GDPval

Assistants

Agent

GDPval measures model performance on economically valuable, real-world tasks across 44 occupations.

Contributed By

@jeqcho

Code

src/inspect_evals/gdpval

Paper

https://arxiv.org/abs/2510.04374

Overview

GDPval measures model performance on economically valuable, real-world tasks across 44 occupations. The first version of this evaluation spans 44 occupations selected from the top 9 industries contributing to U.S. GDP (Gross Domestic Product). The GDPval full set includes 1,320 specialized tasks (220 in the gold open-sourced set), each meticulously crafted and vetted by experienced professionals with over 14 years of experience on average from these fields. Every task is based on real work products, such as a legal brief, an engineering blueprint, a customer support conversation, or a nursing care plan.
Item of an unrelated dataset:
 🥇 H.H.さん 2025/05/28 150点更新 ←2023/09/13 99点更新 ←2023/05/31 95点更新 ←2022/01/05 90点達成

The version here only includes the 220 tasks in the gold open-sourced set.

Scoring this eval involves saving the results as their own dataset, uploading it to huggingface, and submitting it to the OpenAI auto grader. We provide a helper function to automatically upload to huggingface, but you will have to submit it to the OpenAI auto grader through their website. See Judging for more details.
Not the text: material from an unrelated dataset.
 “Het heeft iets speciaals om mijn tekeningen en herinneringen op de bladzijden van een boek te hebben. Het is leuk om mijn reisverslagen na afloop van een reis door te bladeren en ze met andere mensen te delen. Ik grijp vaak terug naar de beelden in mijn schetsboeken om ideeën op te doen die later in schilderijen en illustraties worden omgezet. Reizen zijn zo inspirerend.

An example of the result from running the Inspect Eval implemenation can be found in this uploaded huggingface repo.

Usage

Installation

There are two ways of using Inspect Evals, from pypi as a dependency of your own project and as a standalone checked out GitHub repository.

If you are using it from pypi, install the package and its dependencies via:

pip install inspect-evals[gdpval]

If you are using Inspect Evals in its repository, start by installing the necessary dependencies with:

uv sync --extra gdpval

Running evaluations

Now you can start evaluating models. For simplicity’s sake, this section assumes you are using Inspect Evals from the standalone repo. If that’s not the case and you are not using uv to manage dependencies in your own project, you can use the same commands with uv run dropped.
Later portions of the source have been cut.